Clinical Trials in Developing Countries Should Be Held to Ethical Standards, Panel Says
When designing and conducting clinical trials of drug therapies in developing countries, scientists should not enroll people who "would be unable to afford" the medicines and should not give study volunteers placebos in place of drugs "that are known to work," members of the National Bioethics Advisory Commission write in a New England Journal of Medicine article. Reuters/Contra Costa Times reports that the article represents the "latest round in a debate over" the ethical questions surrounding clinical trials in developing nations. Concern over these studies was raised in 1997, when members of Public Citizen's Health Research Group cited 15 government-funded studies that were testing "various" treatments aimed at halting mother-to-child transmission of HIV. Group members Drs. Sidney Wolfe and Peter Lurie said that these studies -- all of which were being conducted in developing nations -- were "unethical" because some of the women enrolled in the study were given placebos, despite the fact that AZT had been shown to prevent vertical transmission. Distribution of a placebo in place of an established treatment was perceived as unethical in the United States and several other countries at the time (Emery, Reuters/Contra Costa Times, 7/11).
In their NEJM article, Harold Shapiro and Eric Meslin, chair and executive director of the commission, respectively, write that the United States has developed "substantive ethical standards" for clinical trials that include a "required set of procedures" for their implementation. Shapiro and Meslin write that these standards were developed on "the principles of justice and individual autonomy" and that the standards apply to all research in the United States on human subjects that is financed by a variety of federal agencies or regulated by the FDA. This system has "worked reasonably well for clinical research in the United States" and the same standards should be applied to all clinical trials conducted abroad, they add. They write that clinical trials conducted at home and abroad should not "exploit" study participants, should include prior review and approval by ethics review committees, should "minimiz[e]" the risk to participants, should present a "favorable risk-benefit ratio" to participants and should require informed consent from "all competent adult participants." Participants also should receive "adequate medical care" during the trial, Shapiro and Meslin state, adding that although these provisions are not required in the United States, they could be adopted separately by developing countries. However, the authors state that one "important" standard is a requirement that clinical trials sponsored or regulated by U.S. groups be "responsive to the host country's health needs" and not conduct tests of drugs in countries that cannot afford them. "If the intervention being tested is not likely to be affordable in the host country or if the health care infrastructure cannot support its proper distribution and use, it is unethical to ask persons in that country to participate in the research, since they will not enjoy any of its potential benefits," they write. Thus ethics review panels and researchers will have to decide if a trial in another country is "justifi[able]." Justifiable studies could include research addressing an "important health problem" in the country where the trial is being conducted, trials that are a joint effort by the country sponsoring the study and the host country and studies that address important health problems occurring in both the sponsoring and host countries.

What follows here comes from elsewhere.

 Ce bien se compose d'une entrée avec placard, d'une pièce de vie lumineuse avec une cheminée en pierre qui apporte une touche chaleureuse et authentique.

Shapiro and Meslin write that clinical trials involving treatment for a "life-threatening" disease for which "an established, effective treatment is available" should not use a placebo control group. "Moreover, such a trial is not ethical if patients in the developed country would be the primary beneficiaries and if it is not clear that the trial would be responsive to the health care needs of the host country," they state. The authors add that trial sponsors have an "ethical obligation" to make any treatments found to be successful during the trial available to participants after the study's conclusion. "There is a related obligation to ensure that participants are no worse off during the trial than they were before it," they write, adding that participants should not suffer after the trial as a result of not being able to access the drugs they were given during the study (Shapiro/Meslin, NEJM, 7/12).

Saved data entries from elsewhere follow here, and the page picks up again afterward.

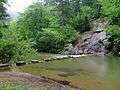 The Iron Springs picnic area is set on the west side of Arkansas Highway 7, about 4.5 miles (7.2 km) north of Jessieville, between the road and the Middle Fork Saline River. The river is impounded by a low fieldstone dam, built by the CCC in 1933, which features alternating chutes and steps, and impounds enough water to form a modest swimming hole.[2]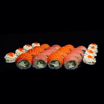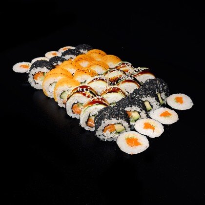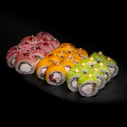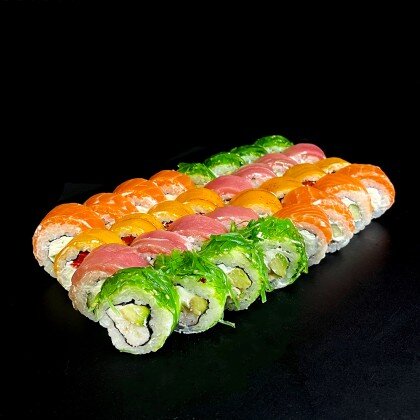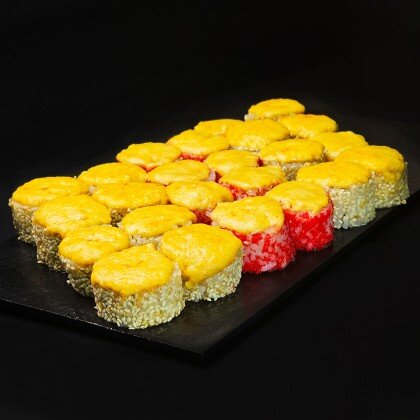 Ролл «Чеддер Чикен» (нори,рис, сыр творожный,сыр твердый «Чеддер», курица копченая,перец сладкий,соус «Кисло-сладкий»)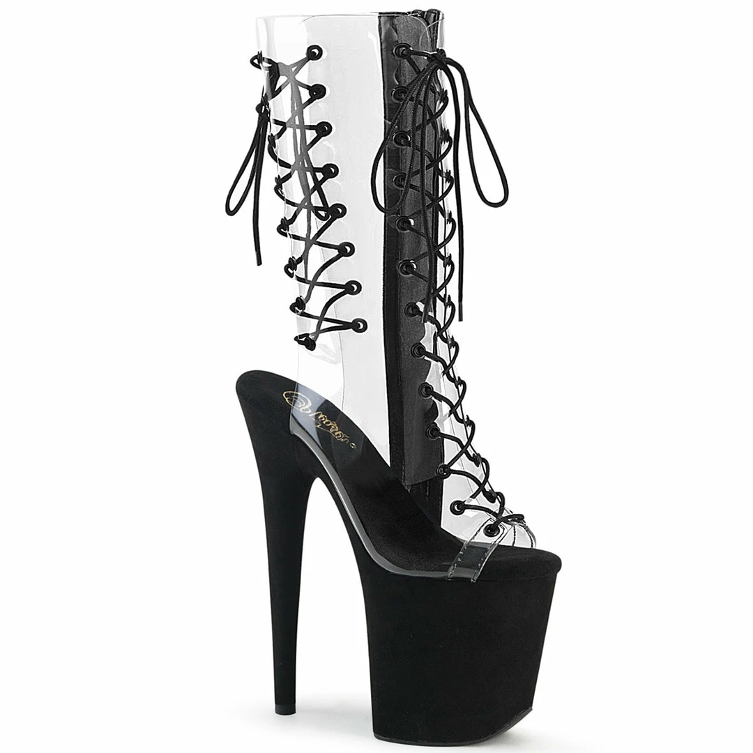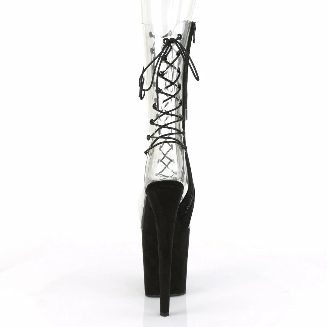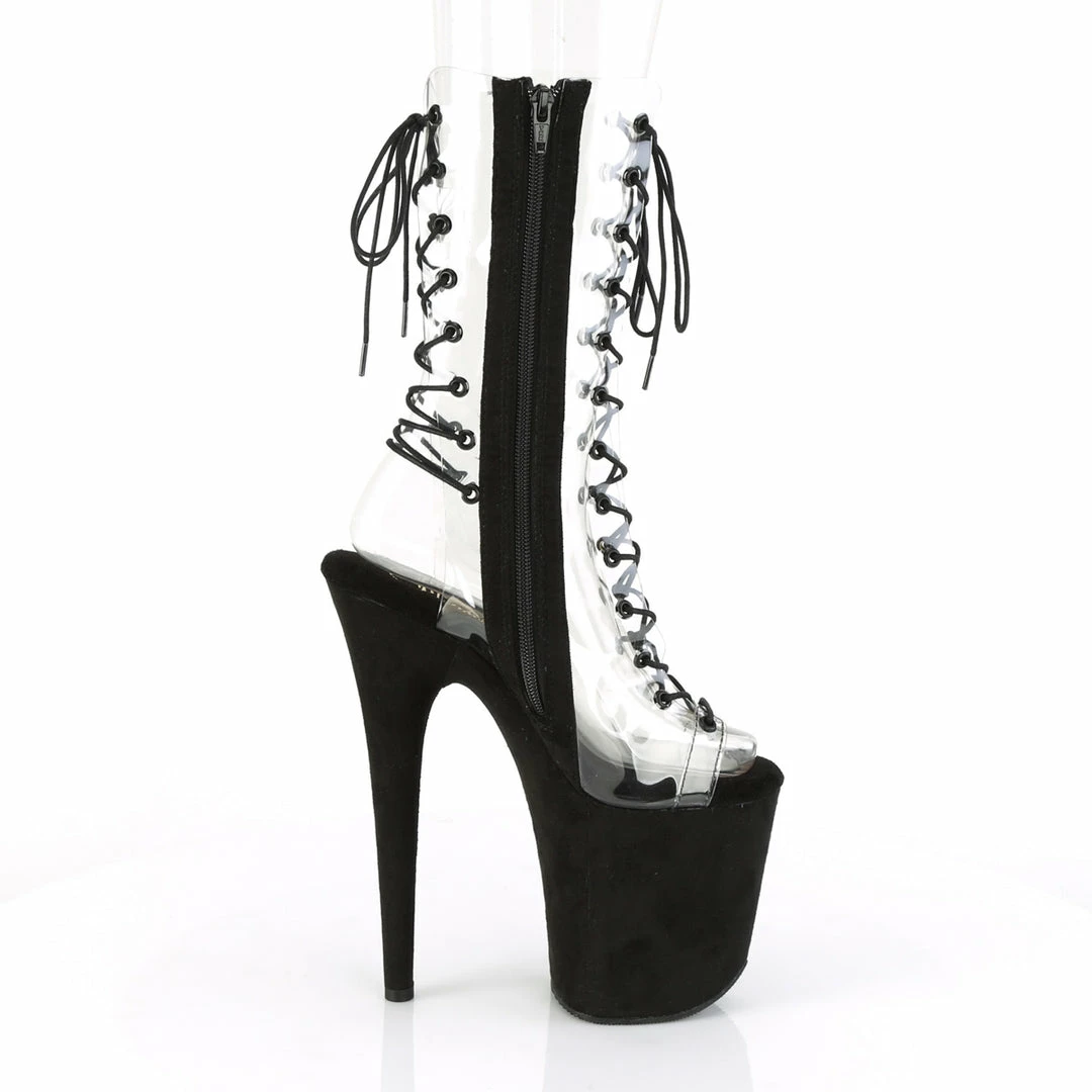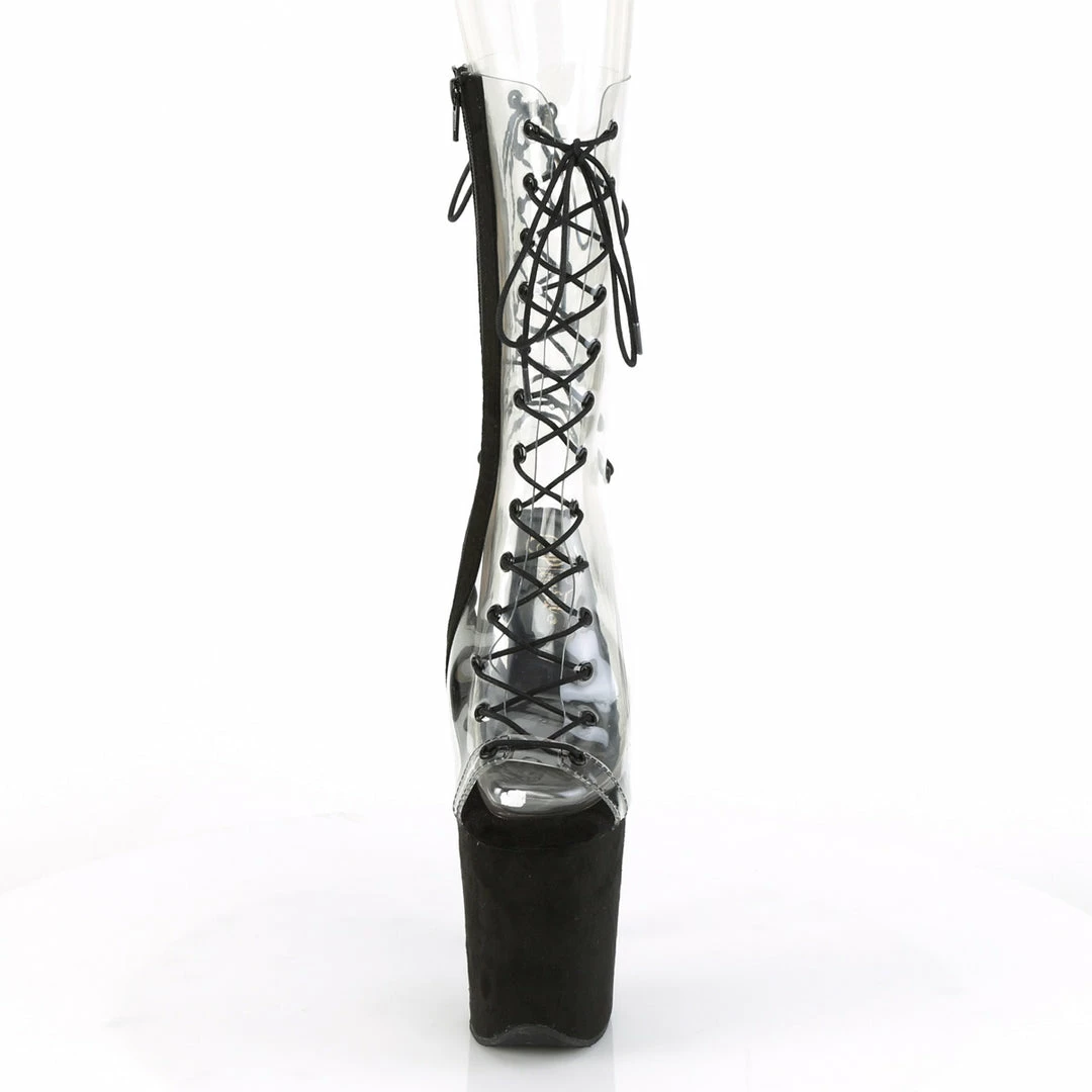 8″ (20cm) stiletto heel, 4″ (10cm) platform lace up front/back open toe/heel mid calf boot featuring fully wrapped platform bottom and inside zip closure.

In a related op-ed, Drs. Greg Koski and Stuart Nightingale of HHS write that to "a large extent, the appropriateness of a clinical trial and of the control group used is based on two considerations." First, they write that "the research question should be posed in a manner that is relevant and meaningful to the host country, such as a comparison of an available treatment with the current standard of care in the host country (which might be no intervention in some cases)." Second, the trial "should be designed to achieve maximal efficiency in producing meaningful data that could lead to improvements in health in the host country without leaving the study participants worse off at the end of the trial than they were when they entered it," they state. However, they note that the Declaration of Helsinki -- which would "prohibit almost all placebo-controlled clinical trials and would require that the best proved therapy be provided to the participants" after its conclusion -- is "too rigid" because "[o]ne trial rarely demonstrates that a given treatment is superior to all others, and there is often considerable disagreement about what the best methods are." Koski and Nightingale conclude, "Our greatest challenge is to realize and fully accept that in all research involving human subjects, ethics and science are not separable -- a given study must conform to ethical standards or it should not be performed, and it must be scientifically sound or it cannot be ethical" (Koski/Nightingale, NEJM, 7/12).